=== Input records ===
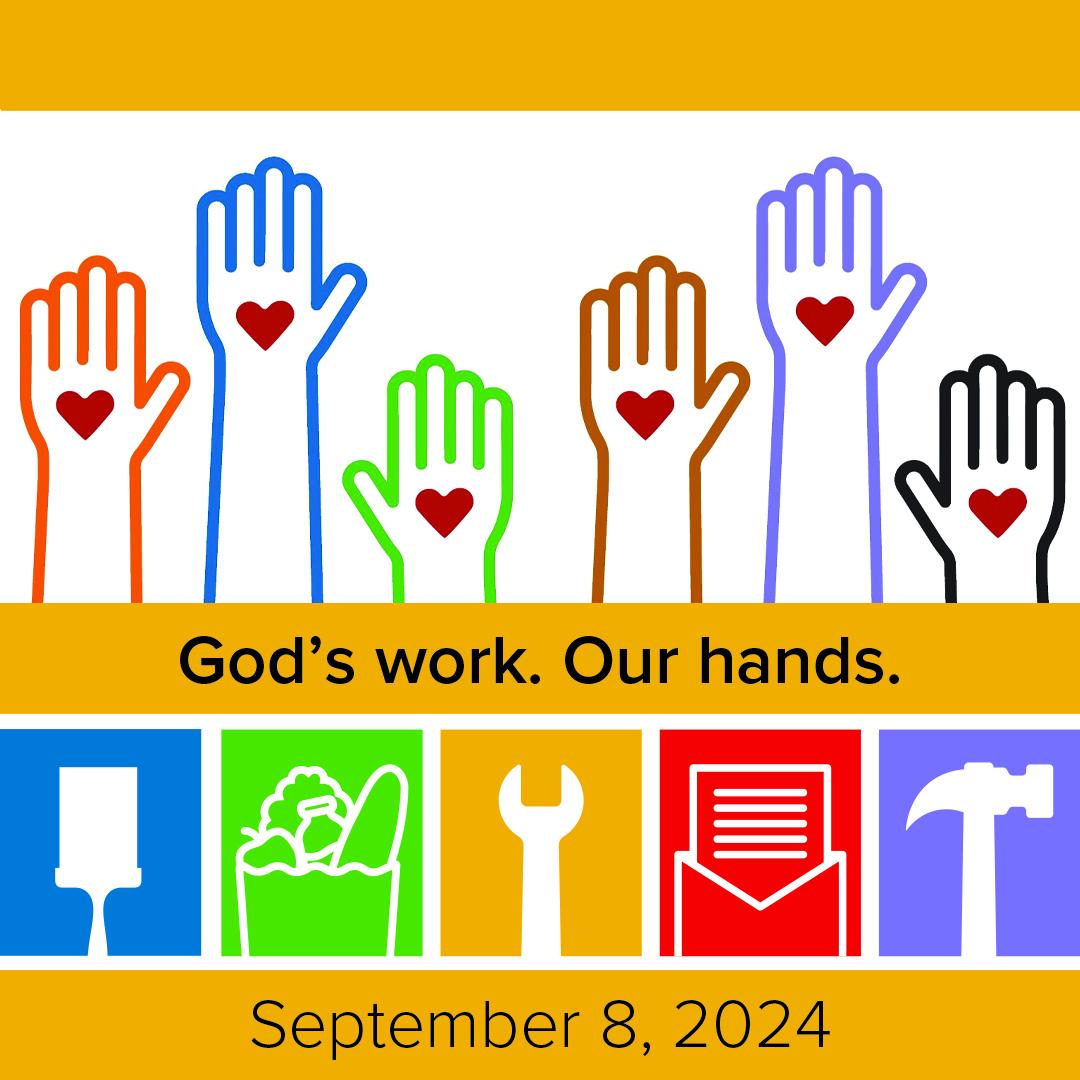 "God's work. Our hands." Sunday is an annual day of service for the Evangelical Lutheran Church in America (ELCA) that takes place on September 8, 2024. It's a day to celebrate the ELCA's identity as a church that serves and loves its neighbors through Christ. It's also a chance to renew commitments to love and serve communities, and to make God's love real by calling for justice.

--

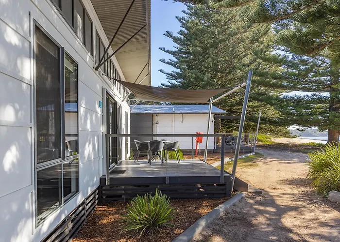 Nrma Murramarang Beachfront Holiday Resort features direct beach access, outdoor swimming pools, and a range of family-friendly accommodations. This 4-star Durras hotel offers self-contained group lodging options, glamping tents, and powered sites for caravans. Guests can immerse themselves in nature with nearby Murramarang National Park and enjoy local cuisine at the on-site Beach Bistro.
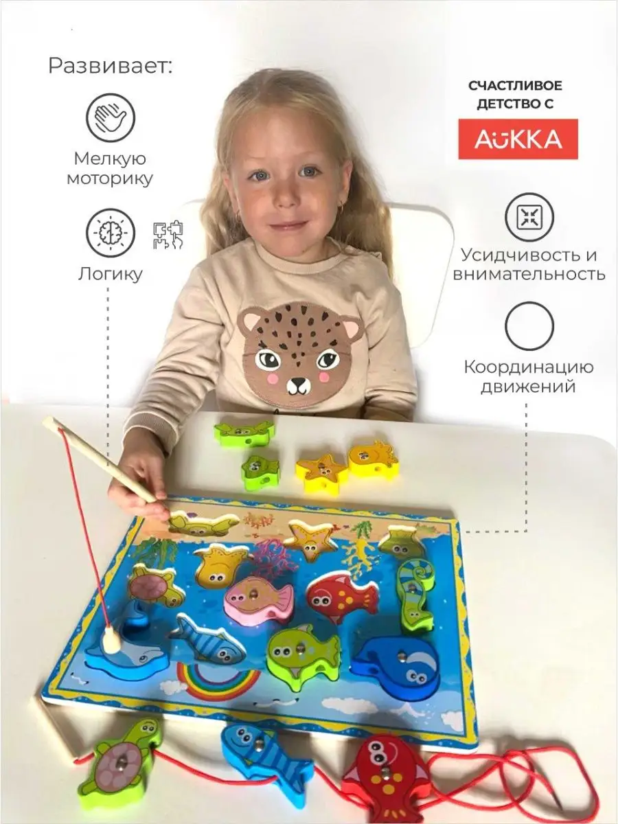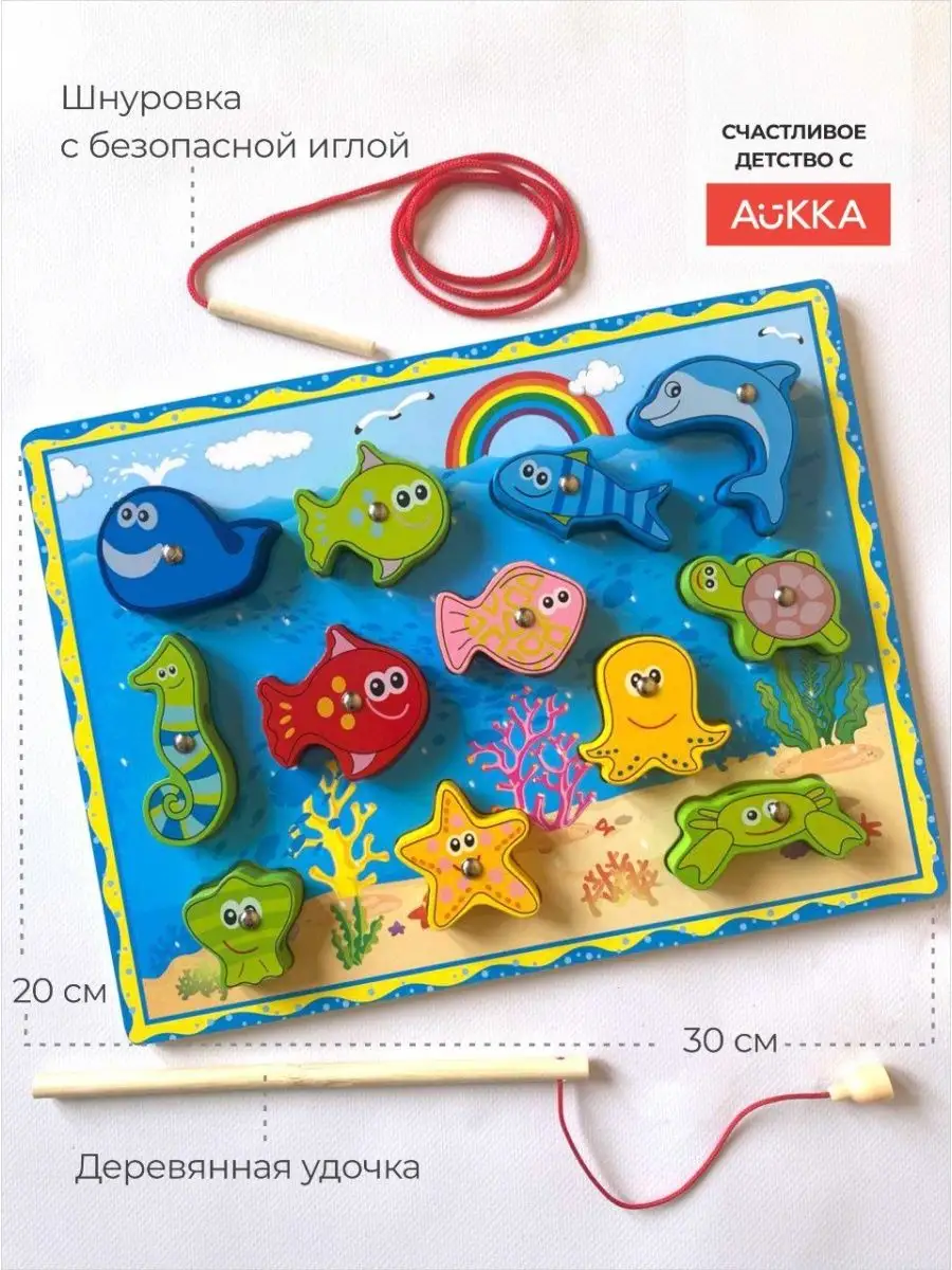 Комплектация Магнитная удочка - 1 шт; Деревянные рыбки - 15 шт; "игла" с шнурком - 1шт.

...

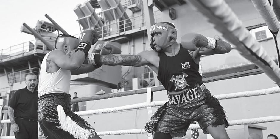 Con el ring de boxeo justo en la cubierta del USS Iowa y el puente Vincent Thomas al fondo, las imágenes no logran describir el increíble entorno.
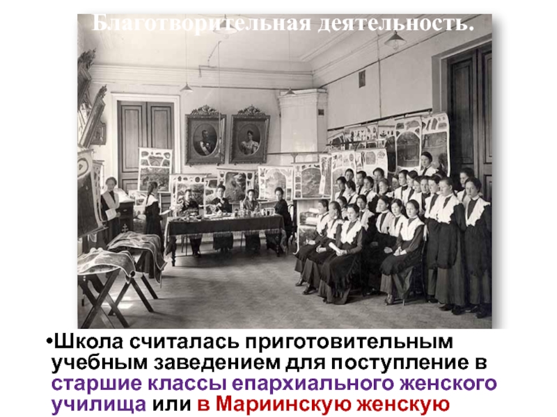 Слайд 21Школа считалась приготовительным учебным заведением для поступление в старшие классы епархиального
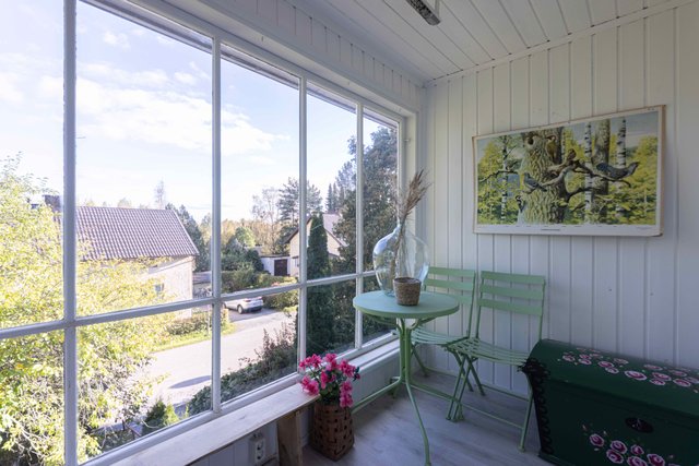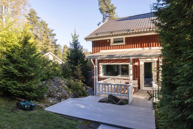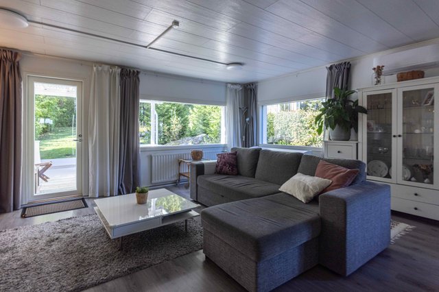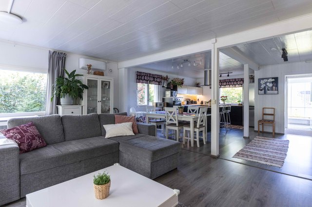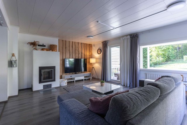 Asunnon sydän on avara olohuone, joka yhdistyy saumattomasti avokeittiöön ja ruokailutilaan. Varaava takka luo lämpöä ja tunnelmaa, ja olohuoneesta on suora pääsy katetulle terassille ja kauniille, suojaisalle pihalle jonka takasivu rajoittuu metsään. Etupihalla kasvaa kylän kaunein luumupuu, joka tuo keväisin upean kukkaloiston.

=== Your objective ===
Would you restate, exactly and with no pictures, the lines of the entries above from the one containing "Con el ring" through the one containing "Asunnon sydän on"?

=== Exercise result ===
 Con el ring de boxeo justo en la cubierta del USS Iowa y el puente Vincent Thomas al fondo, las imágenes no logran describir el increíble entorno.
 Слайд 21Школа считалась приготовительным учебным заведением для поступление в старшие классы епархиального
 Asunnon sydän on avara olohuone, joka yhdistyy saumattomasti avokeittiöön ja ruokailutilaan. Varaava takka luo lämpöä ja tunnelmaa, ja olohuoneesta on suora pääsy katetulle terassille ja kauniille, suojaisalle pihalle jonka takasivu rajoittuu metsään. Etupihalla kasvaa kylän kaunein luumupuu, joka tuo keväisin upean kukkaloiston.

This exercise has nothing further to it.